I thought we had a very good team, but I regarded Green Bay and New Orleans as the teams holding the last two trophies and I thought they were the most formidable teams in the NFC. I still believe that.

And here we are, almost three weeks after the season ended and the only thing that has happened is the firing of secondary coach Johnnie Lynn.  Meanwhile, the Saints are not even a week into their offseason and they’ve already replaced their departed DC with arguably a better one.

So, if Lurie thinks the Saints were already formidable, what must he think now?  Is that “unacceptable” Jeff?

There is still the possibility that Reid has his eye on somebody else and that Spagnuolo was never really a consideration.  Todd Bowles is a name that has surfaced as a possibility because apparently he was on Reid’s short list of candidates last year.

However, is it really wise to bring in another coach that doesn’t have experience as a coordinator?  In what is most likely a do-or-die year for Reid, that would seem awfully dumb.

That’s why we should all get comfortable with the term “continuity.”  It’s a term I brought up before the season finale and still believe in today.

While I’m severely disappointed that Spags isn’t coming to Philly, the more level-headed part of me realizes that keeping Castillo is better than bringing in an inexperienced defensive assistant.  In my eyes, the only two coaches who I would have replaced Castillo with were Spags and Mike Nolan.

Now that both of them are off the market, Castillo is the best option for next season.  And maintaining continuity is a huge part of that reasoning.

Look, it’s not the end of the world that we didn’t get Spags.  The Eagles can still be successful with Castillo running the defense next season.

Let’s list a few reasons for optimism as to why we shouldn’t panic if Castillo is the Juan running the defense again next year:

1. As inexperienced as Castillo was, he still ended up with the No. 8 defense (total yards).
2. Asante Samuel will be gone.  Yes, this is a good thing for the defense.
3. They can, and will, add a better middle linebacker.
4. They could acquire a better safety.
5. DE Brandon Graham will be fully recovered and could be a force.
6. DT Antonio Dixon will be back.
7. All the young guys will be in their 2nd season.
8. There will be a full offseason this year.
9. Castillo will progress as a schemer and play-caller.
10. Offensive turnovers were the biggest problem on this team anyway.

The biggest thing that needs to happen now is for the players to believe in Castillo; believe in his scheme, believe in his play calling, and believe in his game plan.  They may have finally started to do just that during their four game end-of-season “fools-gold run.”

Also, the biggest help to the defense next year should come from the offense and special teams.  If they can dramatically reduce the number of turnovers, it will help the defense considerably.

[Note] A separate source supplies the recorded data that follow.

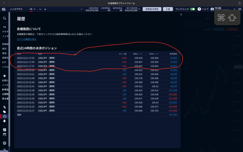 結構トレンドの直前でも入れていたりするので、やはりもう少し伸ばしてもいいかもしれないと思いながらロンドンは一旦手仕舞いでございます。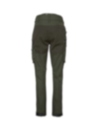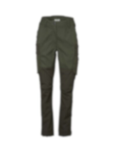 Cross Hybrid Pants Dam är en mycket användbar och funktionell jaktbyxa tillverkad i två olika tyger. Det stretchiga tyget i polyester gör att byxan blir följsam och flexibel medan förstärkningarna i Ripstop Cordura® på rumpa och knän gör byxorna tåliga och hållbara. Ripstop Corduratyget är försett med ett membran på insidan vilket gör byxorna delvis vattentäta och betyder att du klarar dig mot väta om du sätter dig ner på en våt stubbe eller sitter på knä i mossan. Membrantyget har en mjuk borstad insida vilket ger byxan en behaglig känsla mot huden. Linningen är något högre baktill vilket gör att den sluter till bekvämt mot ryggslutet, den är även försedd med hällor och knappar att fästa hängslen i. Jaktbyxan har två framfickor, en bakficka och två dragkedjeförsedda benfickor. Bilnycklarna kan du förvara säkert i en mindre säkerhetsficka med dragkedja som finns placerad inne i den ena benfickan. Cross Hybrid Pants Dam har ergonomiskt förböjda ben och tvåvägsdragkedjor i sidorna från knäna och nedåt för ventilation. På insidan av byxbenets fåll framtill finns en hake att fästa i kängorna, för att hålla byxan på plats, och undvika att den glider upp. Passar perfekt med ett par hängslen!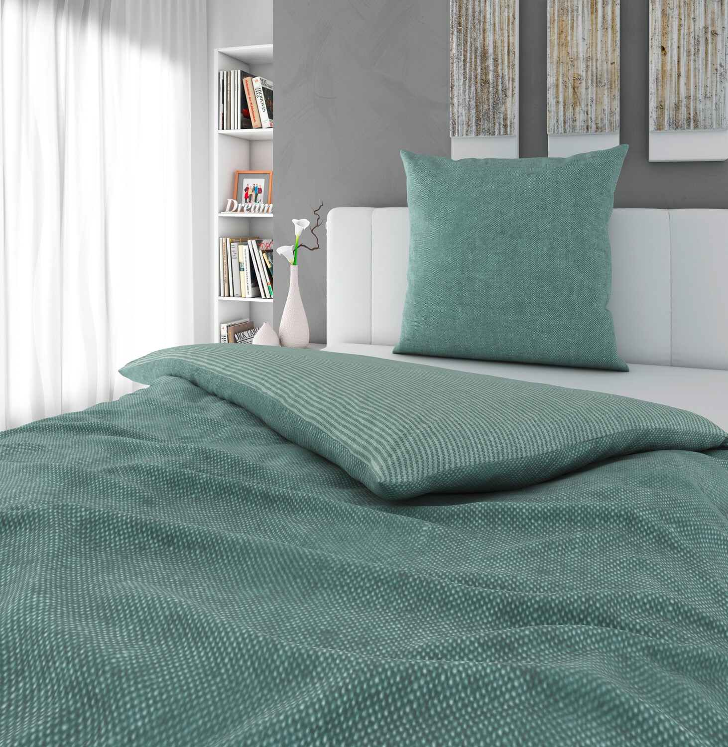 Двустороннее постельное белье Novel, 135x200 см, темно-зеленый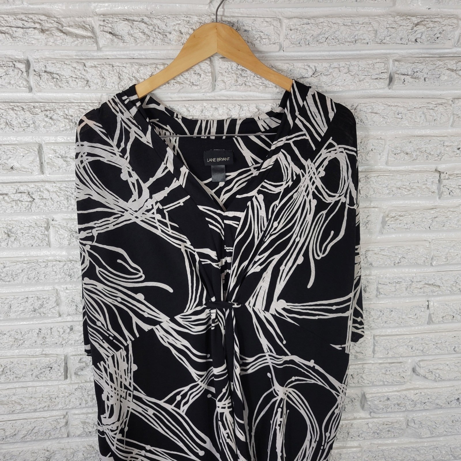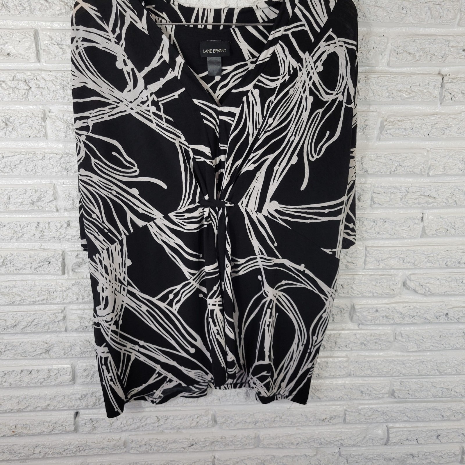 The Lane Bryant Women's Top in size 22/24 is a black geometric polyester blend shirt perfect for office, casual, or business occasions. This pullover blouse features a V-neckline, short sleeves, and a regular fit. It is machine washable and designed for all seasons, making it a versatile and comfortable option for any wardrobe. The Lane Bryant brand ensures quality and style in this stretchy, basic top that is easy to wear and care for.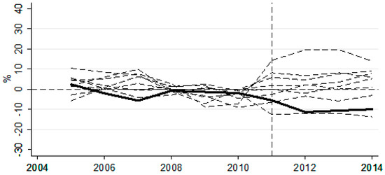 Figure 6 shows the deviation distribution after removing eight provinces. It can be seen that before 2011, the gap between deviation of Hubei Province and the deviation of other provinces is not large, and after 2011, the gap has been gradually increased. The gap in Hubei Province is located outside the distribution of most provinces, although there is an area below the province of Hubei. This means that the condition where we want to select a province at random to get the same significant effect of carbon trading policy as Hubei province is not a small probability event. This indicates that the impact of carbon trading policy is significant. After a series of robustness tests, the carbon trading policy has had a negative impact on the innovation of enterprises in Hubei Province, and the influence has a certain significance.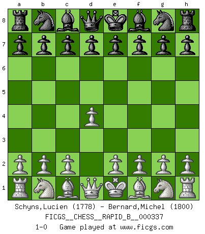 Last move : 1-0 2020 April 1 22:52:45 [Event "FICGS__CHESS__RAPID_B__000337"] [Site "FICGS"] [Date "2020.03.02"] [Round "1"] [White "Schyns,Lucien"] [Black "Bernard,Michel"] [Result "1-0"] [WhiteElo "1778"] [BlackElo "1800"] 1.d4 1-0 This chess game has been lost on time (started : 2020.03.02 18:9:30) Queen's pawn Player White won this chess game. Follow this game move after move (download)Everything is in a state of flux, and this includes the world of Chess. (Mikhail Botvinnik) Rauchen ist dem Schachspieler bei seiner Arbeit, also im Wettkampf, untersagt. (Viktor Kortschnoi) Ciertamente el estado mental actual de Bobby Fischer es una tragedia. Uno de los mas grandes jugadores de Ajedrez del mundo -el orgullo y pena del Ajedrez Americano. (Frank Brady) Les pièces de l'échiquier étaient impitoyables. Elles le retenaient, elles l'absorbaient. Il y avait de l'horreur en cela, mais aussi une harmonie unique. Car, qu'y a-t-il dans le monde, à part les échecs ? (V. Nabokov) What doesn't kill us makes us stronger. (Friedrich Nietzsche)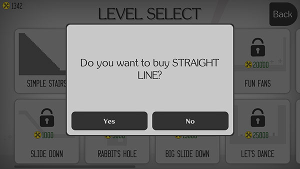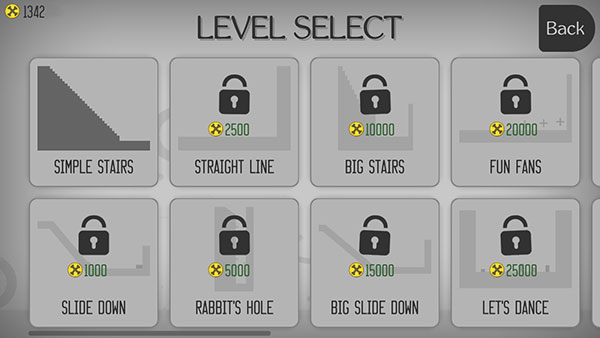 关卡页面如图,除了第一关,其他的关都需要有足够的金币才能解锁,我们可以重复玩第一关,获取到足够的金币,才能解锁第二关。

The only team that had more turnovers this year than the Eagles’ 38 was Tampa Bay, who turned it over 40 times (and they were brutal).  Of the four remaining playoff teams, the most turnovers any team has is 24.  You can’t tell me that if the Eagles had 14 less turnovers, the season wouldn’t have turned out differently.

As long as they can get themselves on the plus-side of the turnover differential, tackle better, and add a couple of key pieces, the defense should at least be “good enough” for a run next year.

Ultimately, Andy Reid made his bed last year when he hired Castillo and now he has to sleep in it for one more year.  If they fail to at least make the NFC Championship game, both coaches will be gone.

Furthermore, if they don’t make a serious run next season, 100% of the blame will rest on Reid’s shoulders, not Castillo’s.  In other words, should they fail next year, it will be due to deeper problems than not replacing Castillo.